-- Problem description --
The data below contains pictures, which are to be skipped; the lines starting at the line with "AUSSENSPIEGEL-ABDECKUNGEN Verleihen Sie" and ending at the line with "Sätt på laddning" are to be output exactly, both ends included.

-- Exercise input --
┏━━
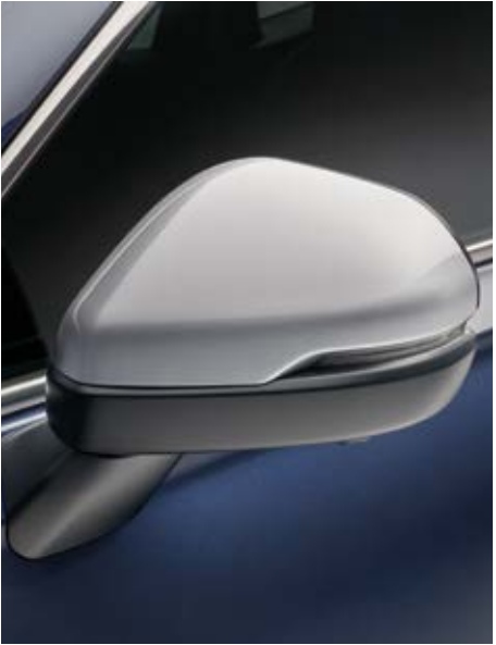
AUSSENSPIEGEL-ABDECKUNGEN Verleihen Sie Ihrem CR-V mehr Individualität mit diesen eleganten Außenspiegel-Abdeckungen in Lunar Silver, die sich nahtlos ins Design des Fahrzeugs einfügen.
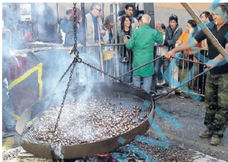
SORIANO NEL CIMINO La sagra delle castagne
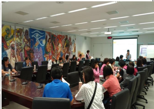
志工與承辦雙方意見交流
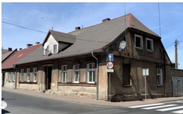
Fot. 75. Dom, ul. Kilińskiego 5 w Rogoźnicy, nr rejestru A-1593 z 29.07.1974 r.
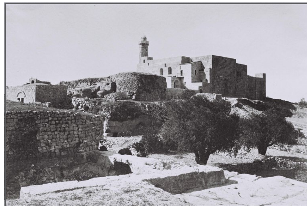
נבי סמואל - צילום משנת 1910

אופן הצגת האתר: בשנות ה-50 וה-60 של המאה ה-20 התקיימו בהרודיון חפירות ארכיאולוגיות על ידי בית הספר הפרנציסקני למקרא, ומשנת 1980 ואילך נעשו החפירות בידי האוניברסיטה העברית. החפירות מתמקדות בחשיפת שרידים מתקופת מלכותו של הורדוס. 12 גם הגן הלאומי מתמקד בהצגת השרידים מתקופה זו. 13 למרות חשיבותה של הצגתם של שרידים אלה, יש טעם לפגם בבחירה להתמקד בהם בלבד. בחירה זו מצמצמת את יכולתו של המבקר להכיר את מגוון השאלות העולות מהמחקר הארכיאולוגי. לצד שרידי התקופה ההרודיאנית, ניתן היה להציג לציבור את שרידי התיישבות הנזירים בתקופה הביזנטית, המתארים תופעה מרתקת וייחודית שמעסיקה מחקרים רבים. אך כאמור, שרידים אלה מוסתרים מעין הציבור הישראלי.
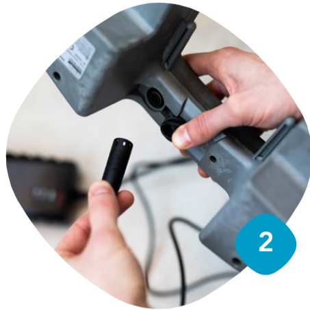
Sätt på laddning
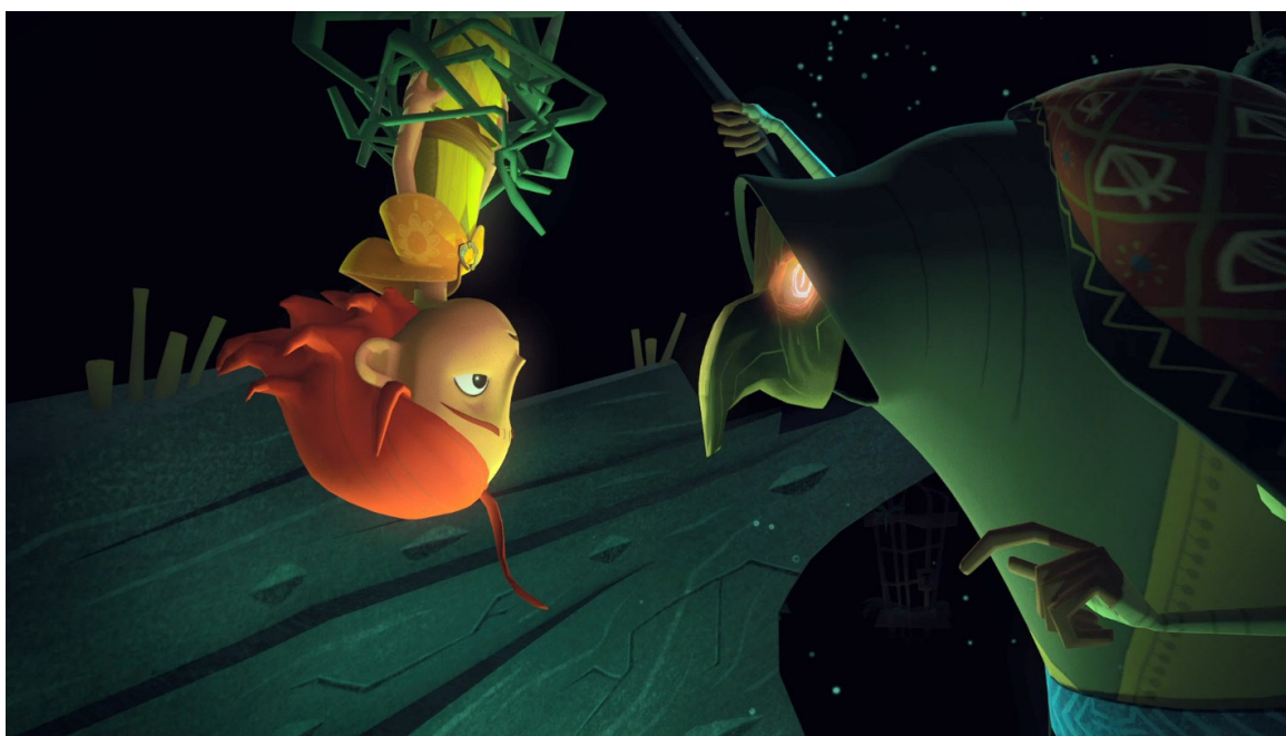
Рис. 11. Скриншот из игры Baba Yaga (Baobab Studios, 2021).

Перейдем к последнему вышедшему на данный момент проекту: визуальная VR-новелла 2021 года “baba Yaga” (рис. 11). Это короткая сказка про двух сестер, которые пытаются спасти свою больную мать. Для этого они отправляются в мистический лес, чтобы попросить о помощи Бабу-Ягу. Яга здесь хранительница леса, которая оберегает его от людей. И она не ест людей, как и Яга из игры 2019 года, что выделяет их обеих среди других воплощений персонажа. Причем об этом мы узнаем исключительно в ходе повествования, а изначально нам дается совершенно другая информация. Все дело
┗━━
┏━━
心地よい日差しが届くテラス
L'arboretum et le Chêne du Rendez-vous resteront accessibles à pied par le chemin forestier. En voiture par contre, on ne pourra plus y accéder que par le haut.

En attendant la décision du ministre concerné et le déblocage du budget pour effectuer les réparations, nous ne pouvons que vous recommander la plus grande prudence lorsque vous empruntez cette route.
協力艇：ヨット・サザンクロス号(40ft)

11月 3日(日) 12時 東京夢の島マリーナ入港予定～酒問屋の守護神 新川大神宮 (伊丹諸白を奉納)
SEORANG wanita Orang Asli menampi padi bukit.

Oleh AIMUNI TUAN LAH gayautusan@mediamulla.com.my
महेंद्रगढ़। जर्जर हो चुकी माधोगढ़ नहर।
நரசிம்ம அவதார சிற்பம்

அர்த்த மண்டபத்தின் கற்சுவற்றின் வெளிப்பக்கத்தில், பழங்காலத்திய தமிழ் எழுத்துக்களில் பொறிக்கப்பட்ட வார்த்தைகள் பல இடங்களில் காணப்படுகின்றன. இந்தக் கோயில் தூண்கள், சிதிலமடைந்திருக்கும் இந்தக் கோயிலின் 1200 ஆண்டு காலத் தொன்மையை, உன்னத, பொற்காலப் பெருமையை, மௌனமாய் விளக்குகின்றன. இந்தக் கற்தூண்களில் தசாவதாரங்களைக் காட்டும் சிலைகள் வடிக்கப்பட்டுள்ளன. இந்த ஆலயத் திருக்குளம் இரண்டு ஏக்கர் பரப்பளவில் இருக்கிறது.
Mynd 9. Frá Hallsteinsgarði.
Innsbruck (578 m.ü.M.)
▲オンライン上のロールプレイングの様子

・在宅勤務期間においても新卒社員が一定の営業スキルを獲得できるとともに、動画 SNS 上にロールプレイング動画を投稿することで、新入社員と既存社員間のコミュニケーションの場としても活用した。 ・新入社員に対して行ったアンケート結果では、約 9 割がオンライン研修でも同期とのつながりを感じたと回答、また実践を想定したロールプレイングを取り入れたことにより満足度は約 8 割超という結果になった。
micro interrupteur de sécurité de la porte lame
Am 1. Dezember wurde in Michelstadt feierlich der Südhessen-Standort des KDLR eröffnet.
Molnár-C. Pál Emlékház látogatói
┗━━
┏━━
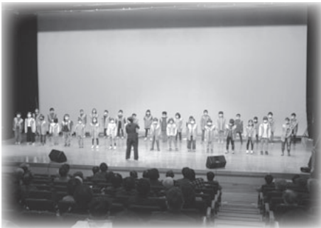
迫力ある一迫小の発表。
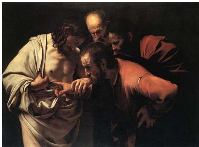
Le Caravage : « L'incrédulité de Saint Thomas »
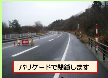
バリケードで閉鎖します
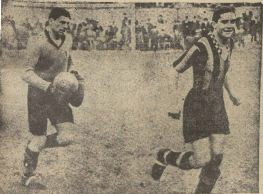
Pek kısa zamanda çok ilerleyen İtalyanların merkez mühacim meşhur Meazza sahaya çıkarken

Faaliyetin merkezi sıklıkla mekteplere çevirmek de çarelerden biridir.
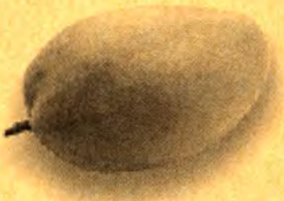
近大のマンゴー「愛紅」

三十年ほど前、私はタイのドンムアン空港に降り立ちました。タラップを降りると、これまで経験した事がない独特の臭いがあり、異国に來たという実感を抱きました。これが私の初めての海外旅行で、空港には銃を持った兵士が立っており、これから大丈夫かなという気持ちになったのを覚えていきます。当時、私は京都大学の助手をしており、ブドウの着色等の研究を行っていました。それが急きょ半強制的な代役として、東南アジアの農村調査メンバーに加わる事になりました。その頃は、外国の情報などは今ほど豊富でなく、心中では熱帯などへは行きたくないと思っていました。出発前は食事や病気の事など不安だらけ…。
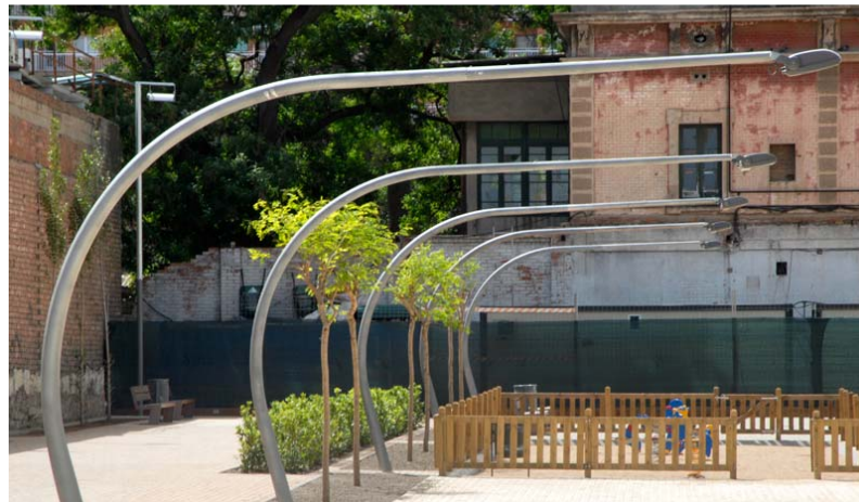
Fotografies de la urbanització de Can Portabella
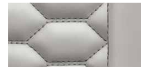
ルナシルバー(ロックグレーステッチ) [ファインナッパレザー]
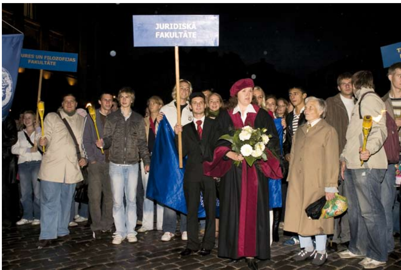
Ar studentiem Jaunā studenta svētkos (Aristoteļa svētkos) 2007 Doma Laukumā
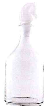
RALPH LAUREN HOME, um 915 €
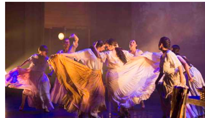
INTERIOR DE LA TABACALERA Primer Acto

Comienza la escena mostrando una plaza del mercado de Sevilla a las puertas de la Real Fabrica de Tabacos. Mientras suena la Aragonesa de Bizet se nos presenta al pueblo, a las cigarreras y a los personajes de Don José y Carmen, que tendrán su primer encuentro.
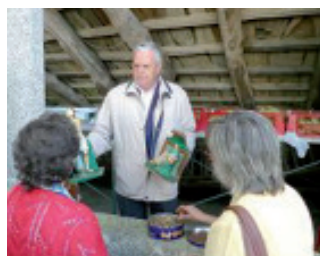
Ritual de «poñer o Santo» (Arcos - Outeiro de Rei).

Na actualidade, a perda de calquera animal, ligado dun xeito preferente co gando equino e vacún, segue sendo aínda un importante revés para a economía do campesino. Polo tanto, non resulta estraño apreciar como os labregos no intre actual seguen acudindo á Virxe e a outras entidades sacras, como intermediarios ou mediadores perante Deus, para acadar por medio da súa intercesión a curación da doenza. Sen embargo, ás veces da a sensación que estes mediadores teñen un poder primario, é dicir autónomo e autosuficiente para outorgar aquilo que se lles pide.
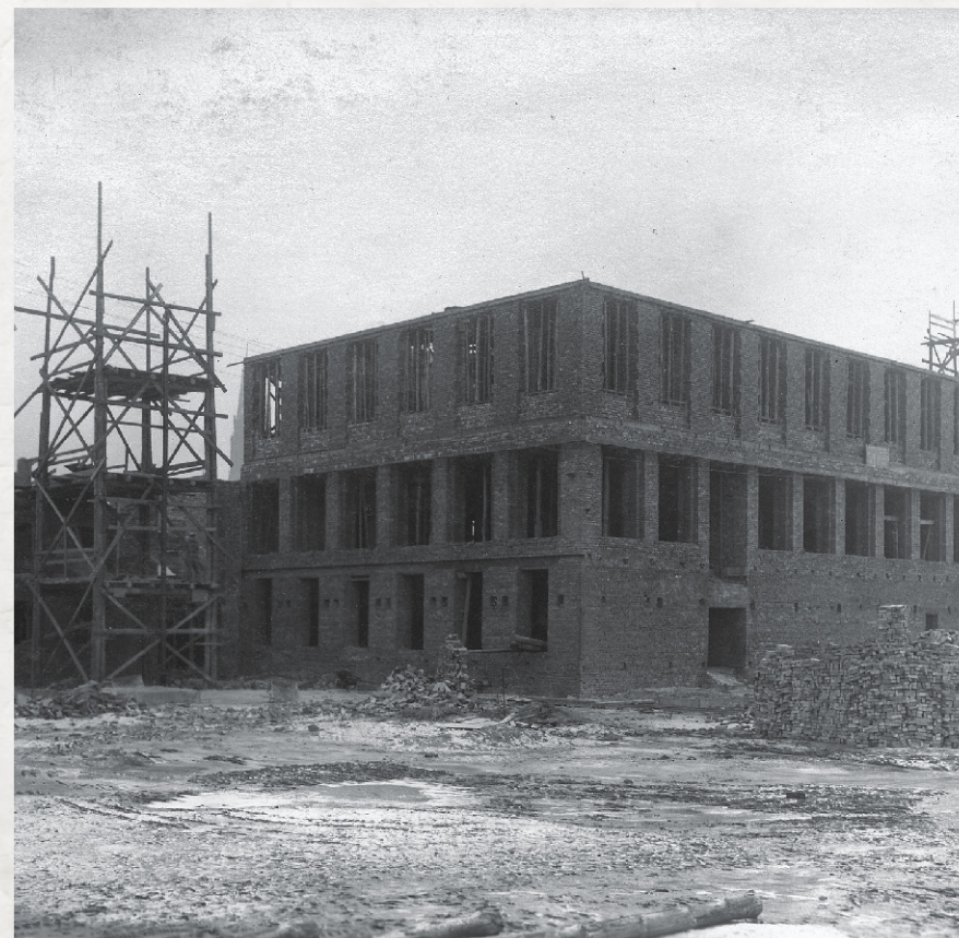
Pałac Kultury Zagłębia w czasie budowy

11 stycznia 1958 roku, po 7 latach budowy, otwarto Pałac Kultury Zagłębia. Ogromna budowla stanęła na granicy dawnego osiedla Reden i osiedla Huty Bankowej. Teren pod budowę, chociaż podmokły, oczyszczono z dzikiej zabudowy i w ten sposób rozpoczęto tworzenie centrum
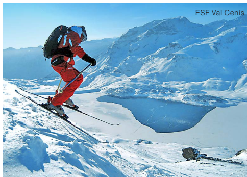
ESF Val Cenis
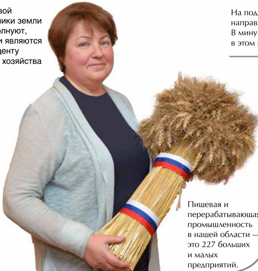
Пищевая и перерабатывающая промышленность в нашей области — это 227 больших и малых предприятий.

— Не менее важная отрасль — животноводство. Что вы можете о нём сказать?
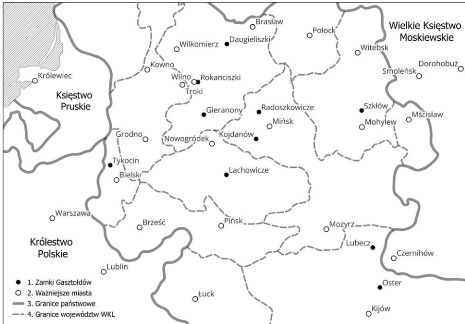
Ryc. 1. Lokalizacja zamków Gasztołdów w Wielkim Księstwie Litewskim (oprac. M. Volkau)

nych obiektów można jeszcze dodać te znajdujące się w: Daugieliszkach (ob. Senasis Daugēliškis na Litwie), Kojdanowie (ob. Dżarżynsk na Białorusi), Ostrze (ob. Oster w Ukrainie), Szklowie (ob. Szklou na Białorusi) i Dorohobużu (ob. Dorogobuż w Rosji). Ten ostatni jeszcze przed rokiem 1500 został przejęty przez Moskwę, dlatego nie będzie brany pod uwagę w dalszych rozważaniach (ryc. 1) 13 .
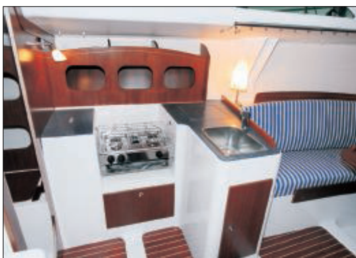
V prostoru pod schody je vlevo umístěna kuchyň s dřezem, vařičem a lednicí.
┗━━
-- Expected answer --
AUSSENSPIEGEL-ABDECKUNGEN Verleihen Sie Ihrem CR-V mehr Individualität mit diesen eleganten Außenspiegel-Abdeckungen in Lunar Silver, die sich nahtlos ins Design des Fahrzeugs einfügen.
SORIANO NEL CIMINO La sagra delle castagne
志工與承辦雙方意見交流
Fot. 75. Dom, ul. Kilińskiego 5 w Rogoźnicy, nr rejestru A-1593 z 29.07.1974 r.
נבי סמואל - צילום משנת 1910

אופן הצגת האתר: בשנות ה-50 וה-60 של המאה ה-20 התקיימו בהרודיון חפירות ארכיאולוגיות על ידי בית הספר הפרנציסקני למקרא, ומשנת 1980 ואילך נעשו החפירות בידי האוניברסיטה העברית. החפירות מתמקדות בחשיפת שרידים מתקופת מלכותו של הורדוס. 12 גם הגן הלאומי מתמקד בהצגת השרידים מתקופה זו. 13 למרות חשיבותה של הצגתם של שרידים אלה, יש טעם לפגם בבחירה להתמקד בהם בלבד. בחירה זו מצמצמת את יכולתו של המבקר להכיר את מגוון השאלות העולות מהמחקר הארכיאולוגי. לצד שרידי התקופה ההרודיאנית, ניתן היה להציג לציבור את שרידי התיישבות הנזירים בתקופה הביזנטית, המתארים תופעה מרתקת וייחודית שמעסיקה מחקרים רבים. אך כאמור, שרידים אלה מוסתרים מעין הציבור הישראלי.
Sätt på laddning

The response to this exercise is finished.